Hello, I'm not new to programming. I've been developing games with BASIC (FreeBASIC), and Flash games with ActionScript. I even developed a scripting language for beginning programmers to make games.
Now, I decided to learn C to be able to make games for handheld consoles.
I have this code below, where I keep having error message saying:
error: request for member 'value' is something not a structure or union
What I wanted to do is be able to have an array of resizeable strings. I'm aware that there's no String datatype in C. It is why I have char *value in struct Foo.

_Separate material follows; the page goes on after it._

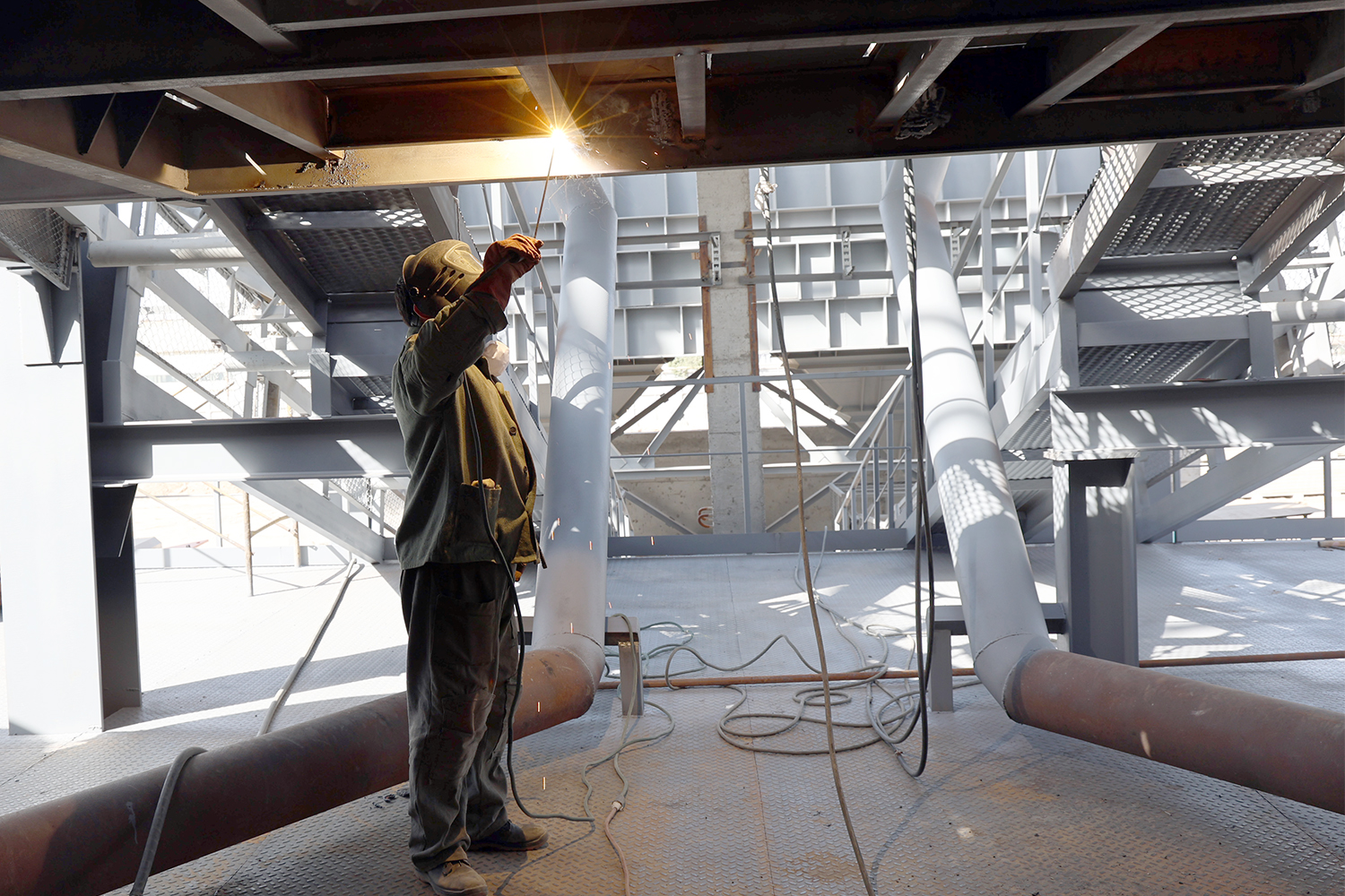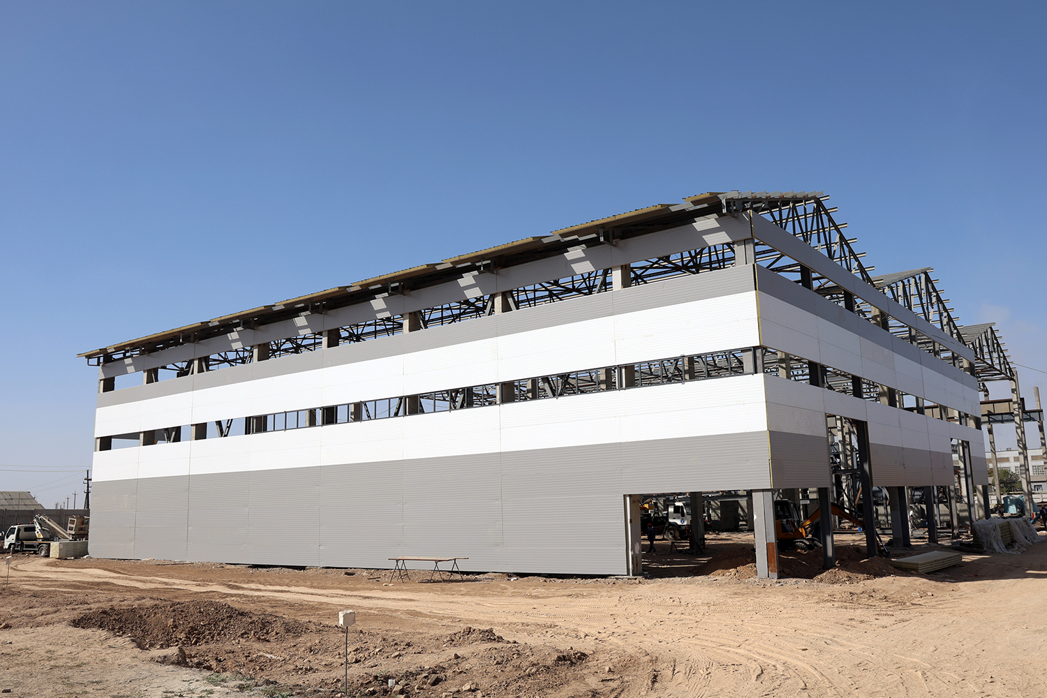 На зданиях и сооружениях фабрики планируется установить 7 000 квадратных метров сэндвич-панелей. На сегодняшний день смонтировано 1 000 квадратных метров. Также продолжается монтаж металлоконструкций для двух сгустителей. В целом объект готов уже на 45%.

It will serve as my resizeable string in my program.
Now, struct Bar will contain a resizeable array of struct Foo, thus, Foo **foo.
In ActionScript, accessing value inside foo would be foo.value. And it follows that accessing foo inside bar would be bar.foo. So I was hoping, I could access value via bar through bar.foo.value. And given that foo is a resizeable array, I was hoping this would work: bar.foo[0].value.PHP Code:
#include <stdio.h>
#include <stdlib.h>
typedef struct {
int etc1;
char *value;
} Foo;
typedef struct {
char *etc2;
Foo **foo;
} Bar;
int main() {
Bar bar;
bar.foo = (Foo **) malloc(sizeof(Foo) * 2);
bar.foo[0] = (Foo *) malloc(sizeof(Foo));
bar.foo[0].value = (char *) malloc(sizeof("howdy"));
bar.foo[0].value = "howdy";
bar.foo[1] = (Foo *) malloc(sizeof(Foo));
bar.foo[1].value = (char *) malloc(sizeof("hello world"));
bar.foo[1].value = "hello world";
printf("bar.foo.value[0] = %s\n", bar.foo[0].value);
printf("bar.foo.value[1] = %s\n", bar.foo[1].value);
free(bar.foo[0].value);
free(bar.foo[0]);
free(bar.foo[1].value);
free(bar.foo[1]);
free(bar.foo);
return 0;
}
What am I doing wrong? Is this even possible? Or should I declarare a separate Foo object and pass the pointer to it and assign the value?